The village is a tiny place, silent save for a chained dog, and smelling of melting snow and horse manure. But it has not forgotten its famous writer. A very deaf old man with gold teeth and a fur hat let me into the collective farm headquarters, where alongside the obligatory pictures of astronauts and folk dancers sepia photographs hung of Conrad on a pony, Conrad at his desk, Conrad in naval uniform. Down at the bottom of the hill, by a frozen lake, he drew a dipper from a square, brick-lined well. ‘Conrad drank this water. It’s a very good well – it never freezes.’ But since Conrad was a Pole who lived abroad most of his life and wrote in English, why should the villagers care? ‘They don’t,’ he said; ‘they think – what did Konrad give us? Nothing!’
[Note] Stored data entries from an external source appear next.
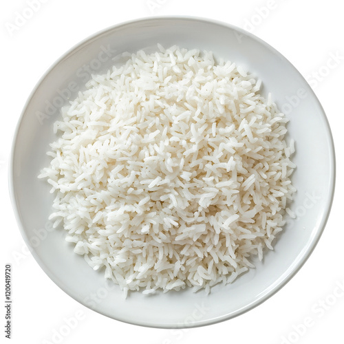 Jasmine rice served in a smooth transparent plate against a minimalist transparent background for culinary presentation, Jasmine rice in transparent plate on transparent background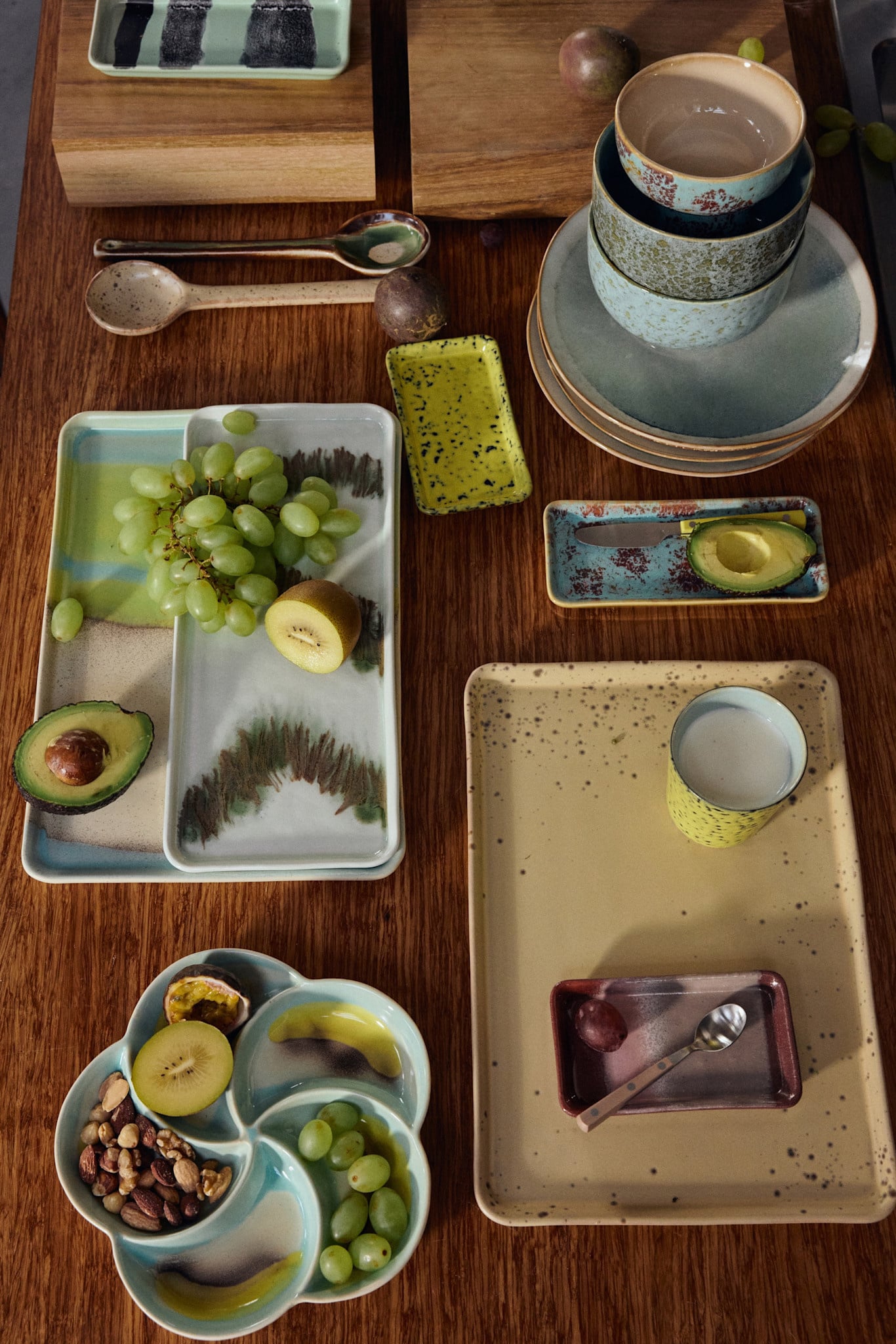 22,5x33x2cm The Glint large tray plays with colour blocks and fluid transitions, creating a finish that feels energetic and artistic. A statement piece that elevates everyday serving, while also working beautifully as a decorative object.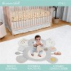 The Elephant Safari Crib Bedding and Tummy Time Mat Set by The Peanutshell creates an engaging safari oasis for baby. This charming 4-piece set includes a generously sized elephant-shaped play mat designed for tummy time to sit up stages. With so much to discover, this playmat grows with baby and provides endless opportunities for sensory exploration, fine motor skill development, and imaginative play. The thoughtfully designed playmat features interactive activities, a non-skid backing for safety, and a cuddly giraffe security plush. This set also includes a fitted crib sheet featuring sweet safari animals, a dotted stripe crib skirt in soothing natural tones, and a matching blanket for extra coziness. Fade-resistant and machine washable for easy care, these nursery essentials make a thoughtful and practical baby shower gift.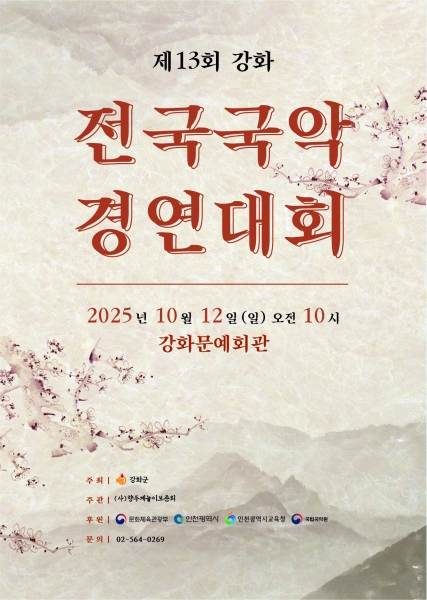 [금요저널] 강화군은 오는 10월 12일 강화문예회관에서 ‘제13회 강화 전국 국악경연대회’를 개최한다고 밝혔다.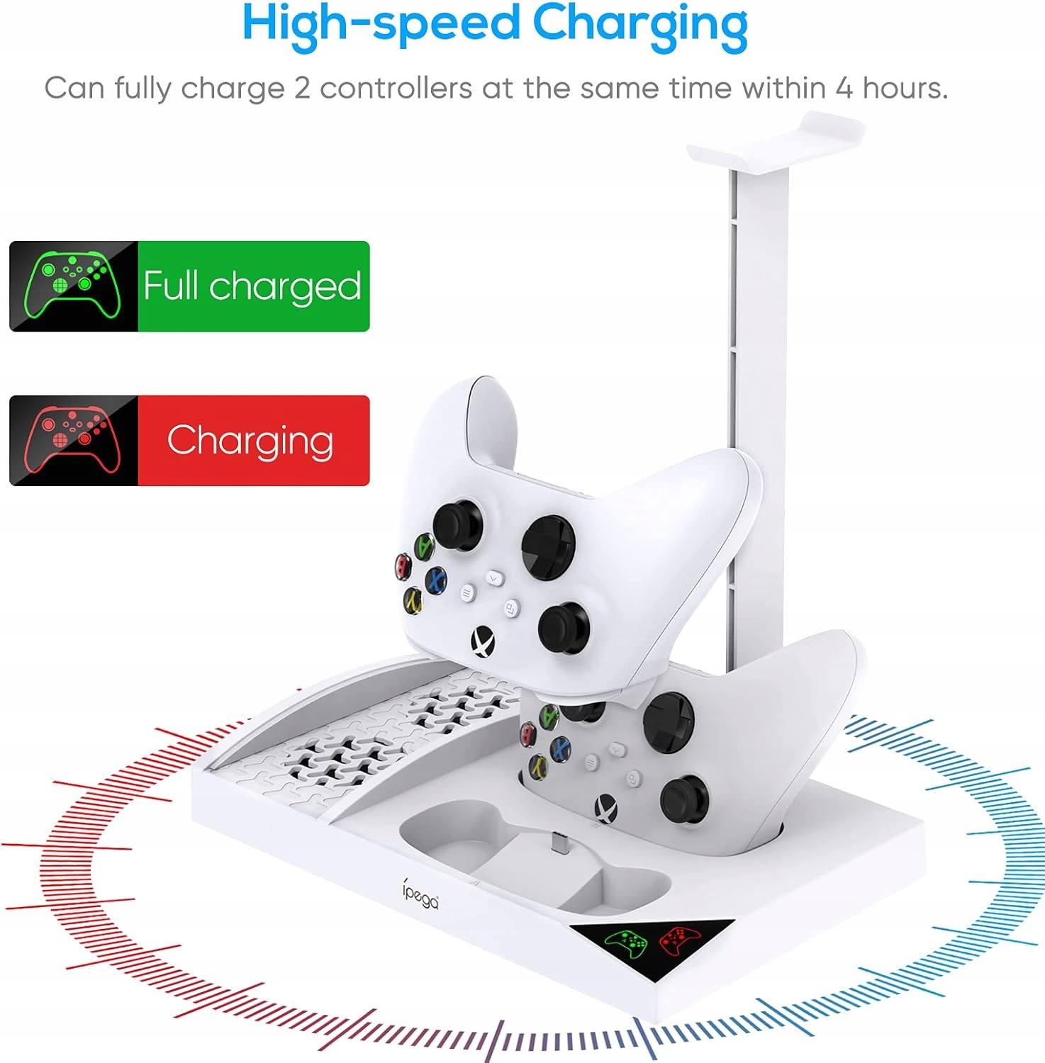 - Охолодження та тримач для навушників: підставка для заряджання має два вбудовані високошвидкісні вентилятори, які відводять тепло від консолі та запобігають її перегріванню. Ви можете поставити ігрову гарнітуру на підставку. Одна багатофункціональна зарядна станція, яка допоможе вам підтримувати порядок на своєму столі

Despite their antagonism, matched circumstances pushed Poland and Ukraine into matching survival strategies. For Poles in the nineteenth century and for Ukrainians right up until 1991, the idea of nationhood took on a religious, almost metaphysical significance. Just as diaspora Ukrainians still tend to regard themselves as part of Ukraine despite having been born and brought up in Canada or Australia, exiled nineteenth-century Poles felt they were no less part of Poland for having spent their lives in Paris or Moscow. Their countries existed in a sort of mental hyperspace, independent of such banalities as governments and borders. ‘Poland is not yet lost’ was the title of a Napoleonic Polish marching song; ‘Ukraine is not dead yet’ is the less-than-inspiring opening line of the present-day Ukrainian national anthem.

With this state of mind went a peculiar approach to the writing of history. In the imagination of both countries, as the historian Norman Davies puts it, ‘the “Word” has precedence over the “Fact” . . . more attention is paid to what people would have liked to happen than to what actually occurred.’
18
National leaders and national uprisings – no matter that they failed – are given more space and weight than the foreign governments who actually dictated events. Poles revere their ‘Constitution of May 3rd’, Ukrainians, their so-called ‘Bender Constitution’. Never mind that neither even came close to being put into practice, for intentions are more important than results.

This heroic imaginative effort did not make the political re-emergence of either country any easier. Both have had enormous difficulty persuading the rest of the world to take them seriously. The British historian E.H. Carr, a delegate at the Paris peace talks of 1919, called reborn Poland ‘a farce’. For Keynes it was ‘an economic impossibility whose only industry is Jew-baiting’; for Lloyd George, ‘a historic failure’ – he would no more hand over Upper Silesia to Poland, he swore, than he would give a clock to a monkey. George Bush, had he been around at the time, would undoubtedly have joined this chorus in favour of the status quo, his only contribution to Ukrainian independence being the infamous ‘Chicken Kiev’ speech of August 1991, in which he urged Ukrainians to stay loyal to the Soviet Union. But at least Bush knew Ukraine existed. Six years after independence, many otherwise well-informed Westerners have either completely failed to register that they have a country called Ukraine as a neighbour, or have vaguely heard of it but have no idea where it is, throwing out guesses – Somewhere on the Baltic? Next door to Kazakhstan? – with the gay abandon of a child playing Pin the Tail on the Donkey.